Timeline of Major Segments
| Timestamp | Segment | |------------|----------------------------------------------------------------------------------------------------------| | 00:01 | Intro: AI as driver for economic growth and grid greening (Josh Parker) | | 09:40 | Public anxieties: Grid constraints, canceled data centers, political blame (Ed Crooks, Amy Myers Jaffe) | | 12:42 | Scale of data center demand and industry adaptation challenges (Xijo) | | 19:10 | Rate design, tariffs, and cost allocation for new infrastructure (Craig Sundstrom) | | 25:01 | Nvidia’s leaps in chip energy efficiency; Jevons Paradox; context for net load growth (Josh Parker) | | 28:08 | Broader AI-enabled energy savings across sectors (Amy Myers Jaffe, Josh Parker) | | 29:51 | Case study – AI expediting interconnection in power markets (Craig Sundstrom) | | 34:03 | Data center load flexibility during price spikes, new market dynamics (Xijo) | | 38:38 | Startups turning data centers into grid assets – flexibility and “pre-emptible” workloads (Josh Parker) | | 47:30 | Batteries, virtual power plants, and AI-enabled grid optimization (Amy Myers Jaffe, Josh Parker, Craig Sundstrom) | | 49:00 | AWS’s investments in SMRs and First-of-a-Kind deployment challenges (Craig Sundstrom, Amy Myers Jaffe) | | 51:05 | Near-term power supply crunch vs. long-term nuclear build-out (Xijo) | | 58:12 | Limits of microgrids and behind-the-meter deployment for data centers (Xijo) | | 67:01 | Thermal energy networks: Turning data center heat into a resource (Josh Parker) |
Audience Q&A Highlights
- Decentralization & Microgrids: Only 6% of data centers use co-location with power assets; remaining regulatory and economic roadblocks (58:12–59:06).

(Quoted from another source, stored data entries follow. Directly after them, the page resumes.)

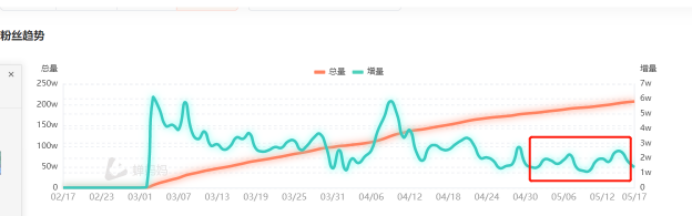 又不得不提一句,在小紅書,與尹正走過相似路線的張韶涵也因為曾在《歌手》節目翻紅之後,網友們追着要她的食譜。可翻看她近三十天筆記記錄,竟已經沒有一條品牌推廣了。而回到尹正,查看他的粉絲增長情情況,在3月3號和4月9號有兩個數據增長的大爆發,進入5月份,粉絲增量已經只徘徊在2~3W。“頂流”的下坡路,來的着實有點快。
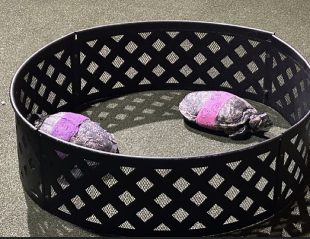 Turtles in a pen in the middle of the floor while patrons scream and yell.
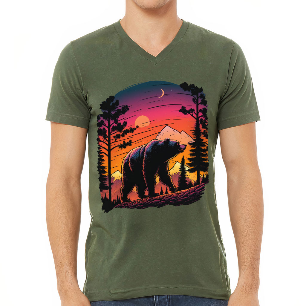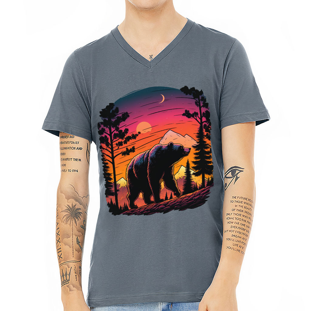 Bear Graphic V-Neck T-Shirt is proudly made with 7x less water than average manufacturers, in recycle-friendly facilities that also guarantee zero sweatshop conditions.
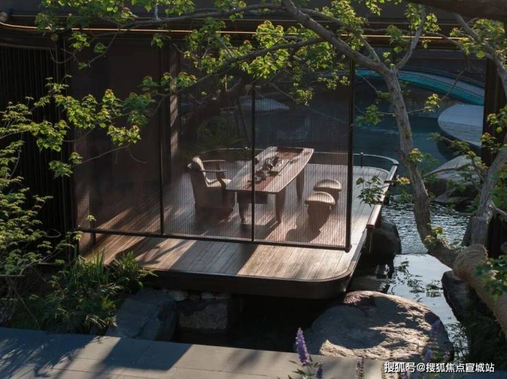 “在朗云的园林世界里,从一个房子到另一个房子,只有20多米。但却要翻过一座山瀑,穿过一片林,跨过一座桥,林中的溪流之上落着一个水轩。坐在里面可以倚着树隔着岛望向对岸的房子,这期间距离很近,游历很远,在游历山水中让人忘却了时间,享受山水。这也是苏州古典园林穿越时空放下形式带给我们的诗意——小中见大”。
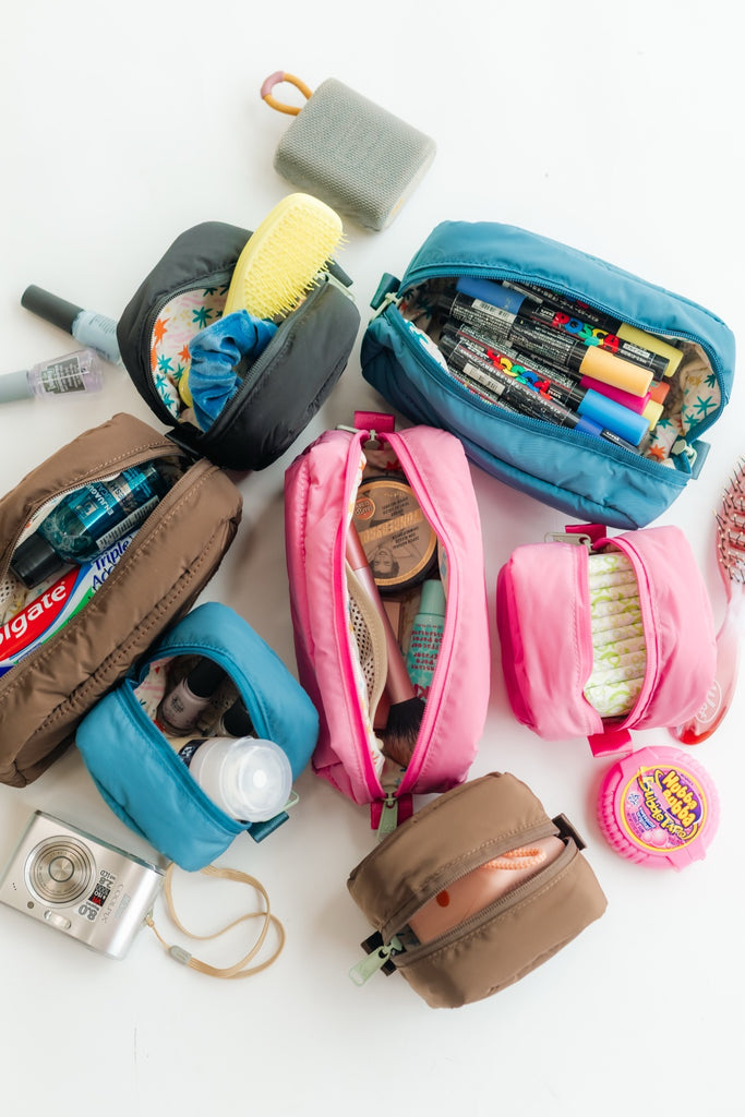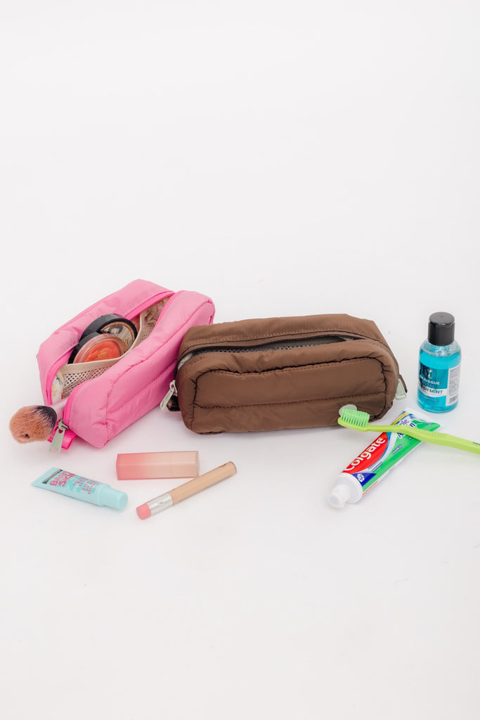 Estuche puffy rectangular en color rosado chiclebomba con bolsillito interno de malla. Medidas: 20cm x 10cm x 10cm
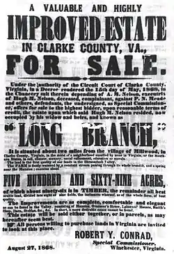 Long Branch is a historic family seat in Millwood, Virginia built in the early 19th century; named after the creek that runs through the property. Built on approximately 1000 acres (currently 400 acres) by Robert Carter Burwell in 1811 and owned by the Burwell-Nelson family until 1957. The property was placed on the National Register on October 1, 1969.

- Geothermal’s Future: Seen as promising, but more a 2030s technology than a fix for the current 5-year crunch (60:54).
- International Data Center Buildout: While Southeast Asia and Latin America offer cheaper build and energy costs, constraints still hinge on power availability and regulatory frameworks, not just CAPEX (61:44, 64:15).
- Thermal Energy Networks: Growing opportunity to recycle data center waste heat to community heating (67:01).
Conclusion
This episode captures a turning point: AI and data center growth are no longer niche technical questions—they have become headline political, economic, and environmental issues. The dialogue revealed both a sense of “perfect storm” opportunity and an undercurrent of urgency and risk: grid bottlenecks, regulatory lag, infrastructure cost, and potential backlash. Key takeaways include the need for cross-sector partnership, accelerated investment in new technology, smarter regulation, and creative market design—backed by the optimism that AI and digitalization could, if harnessed well, deliver a cleaner, more efficient, and more resilient energy system.